Gravity Gradient

We have the differential equation $v \frac{dv}{dy} \; = \; a \; = \; -g_0 - y$ so that $v^2 + (g_0+y)^2 \; = \; (g_0 + y_0)^2$ and hence $\frac{dy}{dt} \; = \; -\sqrt{(g_0 + y_0)^2 - (g_0 + y)^2}$ Thus the time to fall to ground from height $y_0$ is $t_f \; = \; \int_0^{y_0} \frac{dy}{\sqrt{(g_0 + y_0)^2 - (g_0 + y)^2}} \; = \; \tfrac12\pi - \sin^{-1}\big(\tfrac{g_0}{g_0 + y_0}\big)$ which tends to $\boxed{\tfrac12\pi}$ as $y_0 \to \infty$ .

This describes a simple mass-spring system that obeys Hooke's law with spring constant $k=m$ and equilibrium position $y=-g_0$ .
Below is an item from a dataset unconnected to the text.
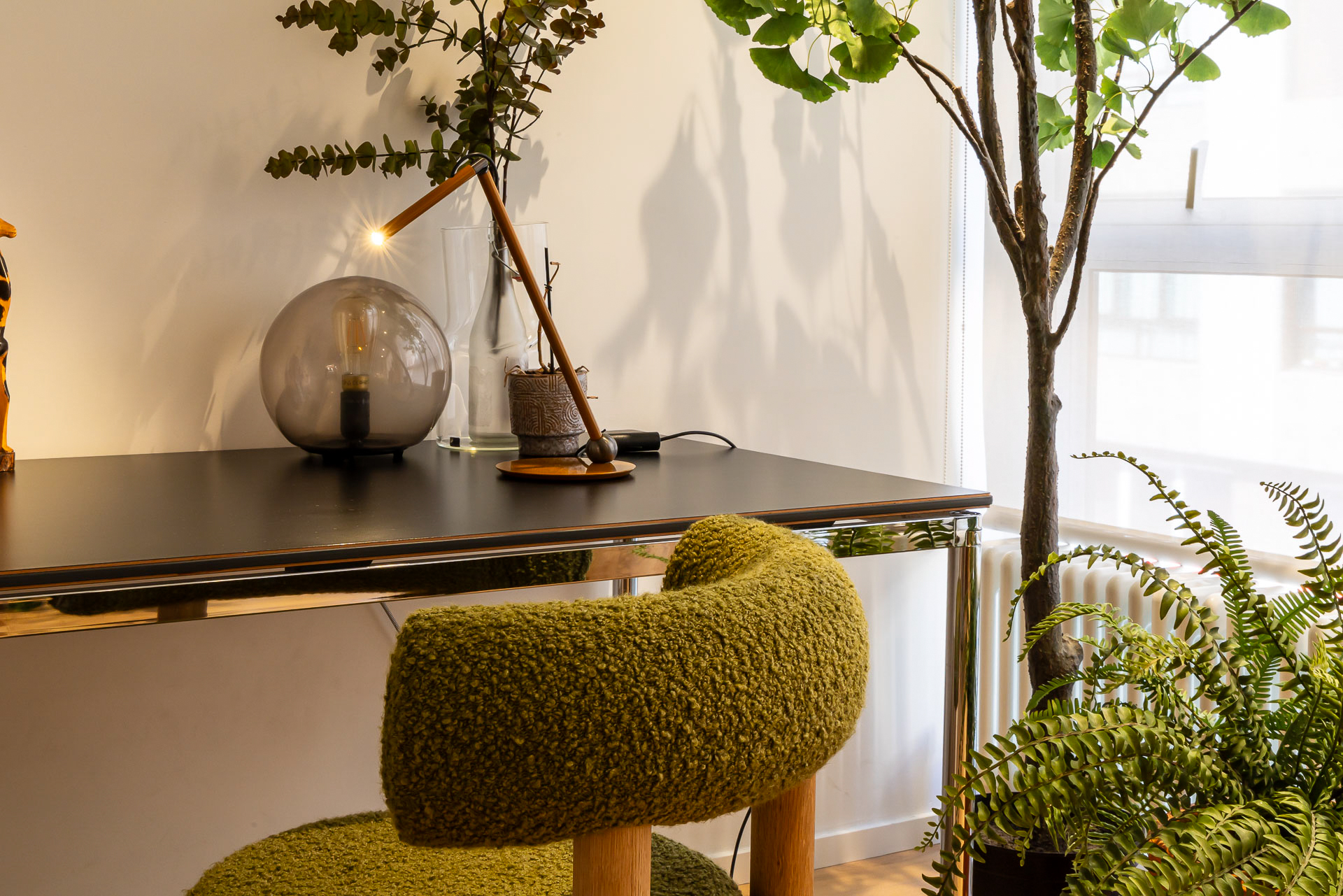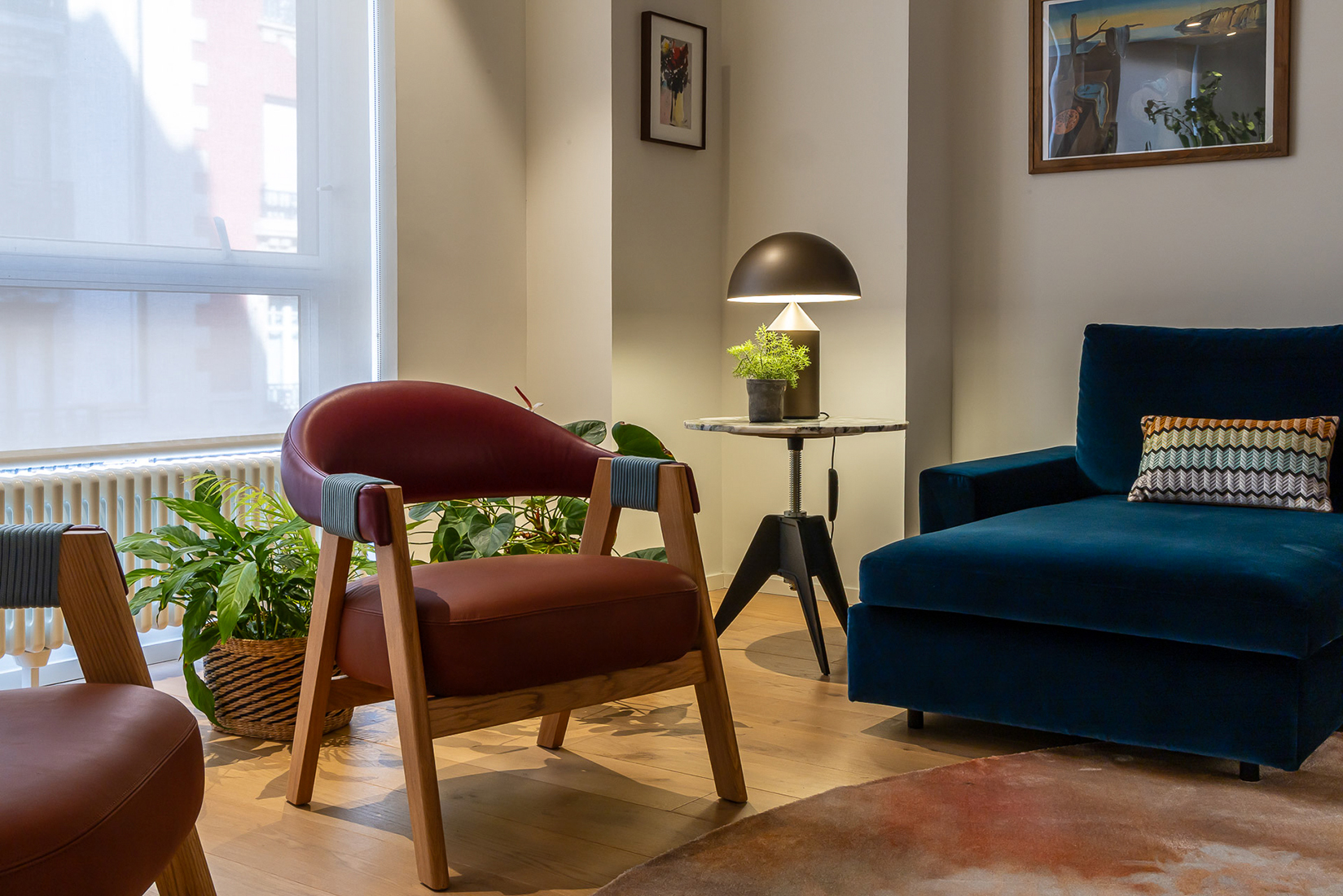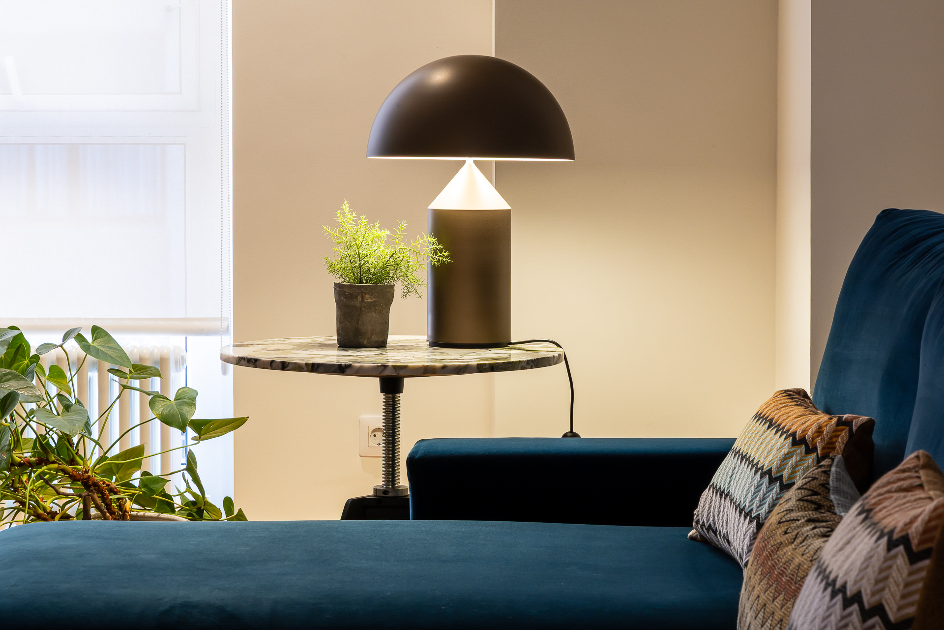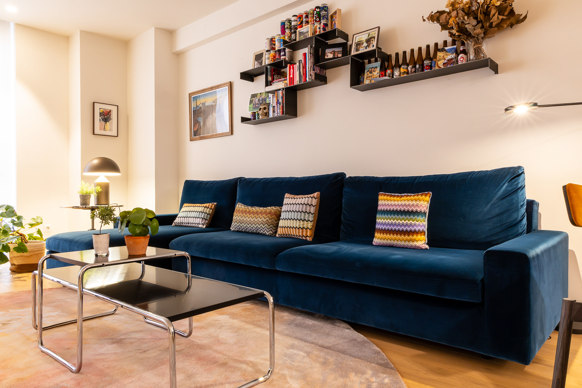 Para conseguir la mejor distribución tendríamos que situar la cocina en la misma entrada. Le dimos un aire de barra de bar con lamparas colgantes para semiocultarla y hacer de esta «sorpresa» inicial un espacio central, acogedor y muy funcional
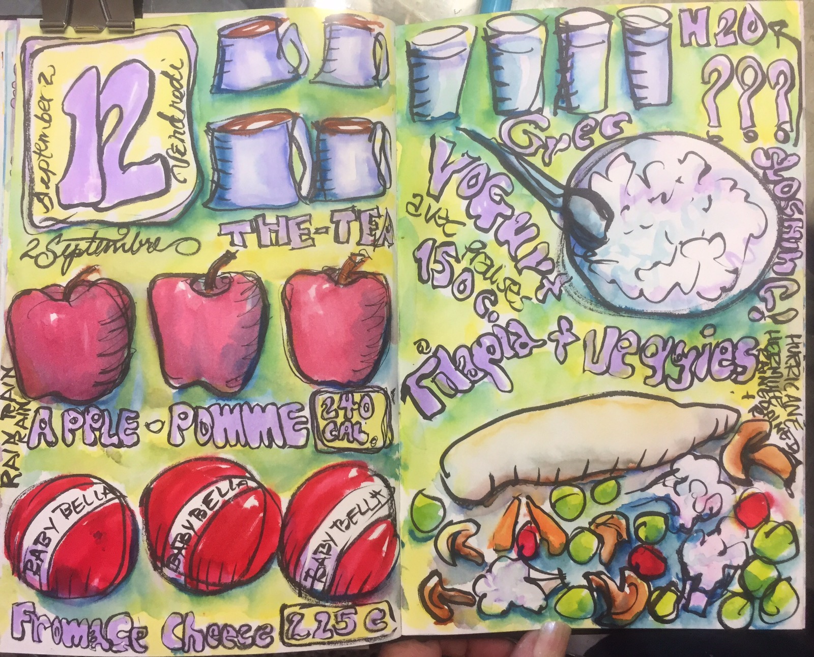 Another journal page. I am actually on day 17 and all the previous days are done.  Usually I draw them as I eat and then color in my coloring book when I have time.

As we stretch the spring further, the velocity of the mass will approach infinity near the equilibrium position, so the time it takes to travel from $y=0$ to $y=-g_0$ will approach zero, and therefore we may instead ask how long it takes for the mass-spring system to reach its equilibrium position.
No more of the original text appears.